Background information
- Origin: Philadelphia, Pennsylvania, USA
- Genres: Experimental music, Psychedelia
- Years active: 1995, 1998
- Labels: Drunken Fish
- Past members: Joe Culver John Gibbons Michael Gibbons Roy Montgomery Isobel Sollenberger Clint Takeda

= Hash Jar Tempo =

Roy Montgomery-Bardo Pond collaboration

Hash Jar Tempo is a collaborative musical project between the members of Philadelphia-based psychedelic band Bardo Pond and experimental guitarist and composer Roy Montgomery. The band was founded in March 1995 and have released two albums, Well Oiled and Under Glass, and have never toured.

==History==
In 1995, Montgomery was introduced to the members of Bardo Pond, who were already familiar with Roy Montgomery's Dadamah project. On March 26, members of Bardo Pond and Montgomery entered the studio and recorded a completely improvised session.

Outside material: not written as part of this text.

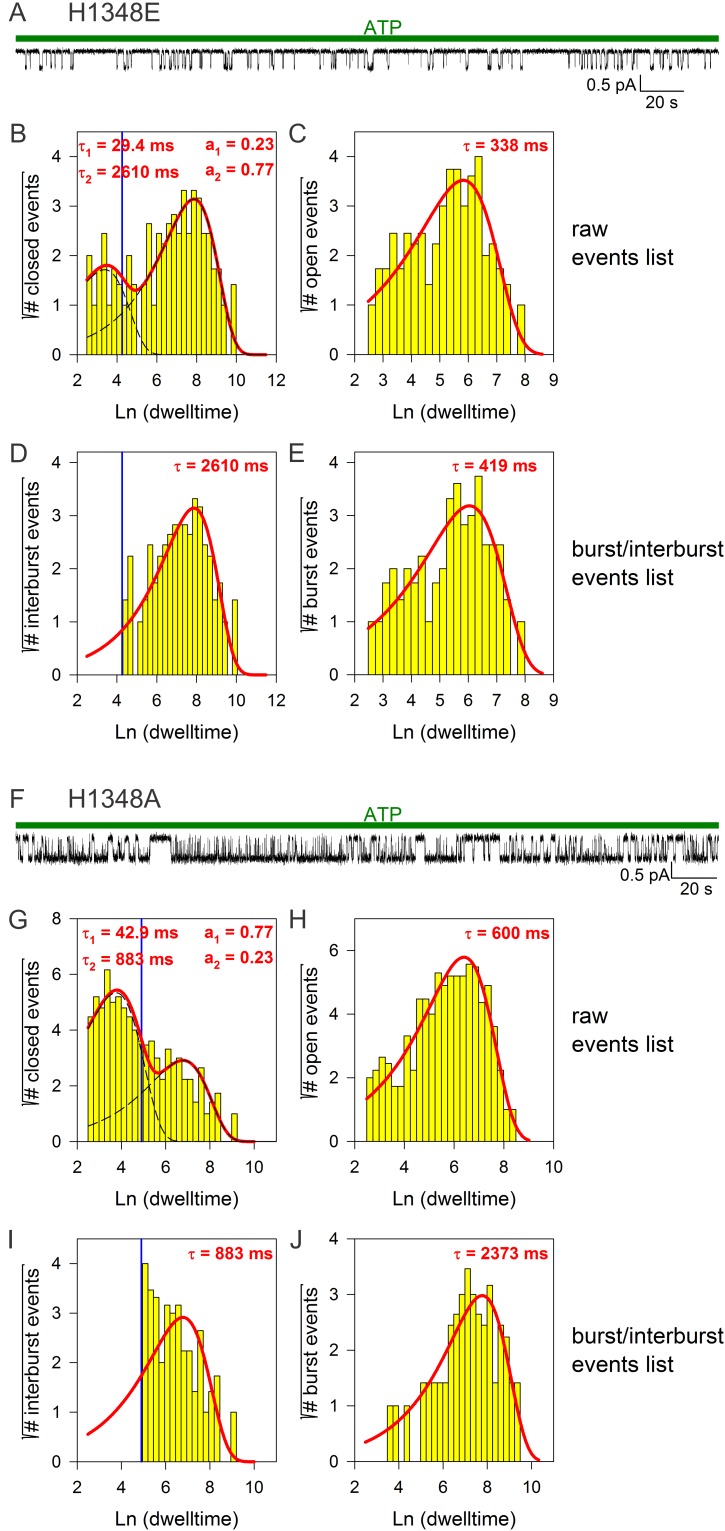 Figure 3—figure supplement 1. Burst analysis of single-channel recordings for position 1348 mutants.(A, F) Inward currents of single cut-ΔR(D1370N) channels bearing mutation H1348E (A) or H1348A (F) in 10 mM MgATP (green bars). (B–C, G–H) Closed (B, G) and open (C, H) dwell-time histograms (Sigworth and Sine, 1987) constructed from the events list of the records in (A, F); lower binning limit is 12 ms. Solid red lines are maximum likelihood fits of the dwell-times by a double- and a single-exponential distribution, respectively, with time constants (τ(1, 2)) and fractional amplitudes (a1, a2) printed in the panels. Dotted black lines in panels (B, G) depict the two components of the fit; vertical blue line marks the burst delimiter (tcrit) calculated using the method of (Magleby and Pallotta, 1983). (D–E, I–J), Dwell-time histograms of reconstructed interburst (D, I) and burst (E, J) events following suppression of closed events shorter than tcrit. Solid red lines in (D, I) replot the longer component of the double-exponential fits in (B, G). Solid red lines in (E, J) are maximum likelihood fits of the burst durations by single-exponential distributions (τ, time constant). |

The improvised pieces from that session would be released two years later as Well Oiled under the name Hash Jar Tempo, a pun on the band name Ash Ra Tempel. When Montgomery returned to the States, the band reunited and recorded another improvised session on April 27, 1998, this time with Isobel's participation. The band released the music on their final album Under Glass the following year.

==Band members==
Former members
- Joe Culver – drums (1995, 1998)
- John Gibbons – guitar (1995, 1998)
- Michael Gibbons – guitar (1995, 1998)
- Roy Montgomery – guitar (1995, 1998)
- Isobel Sollenberger – flute (1998)
- Clint Takeda – bass guitar (1995, 1998)

==Discography==
- Studio albums
- Well Oiled (Drunken Fish, 1997)
- Under Glass (Drunken Fish, 1999)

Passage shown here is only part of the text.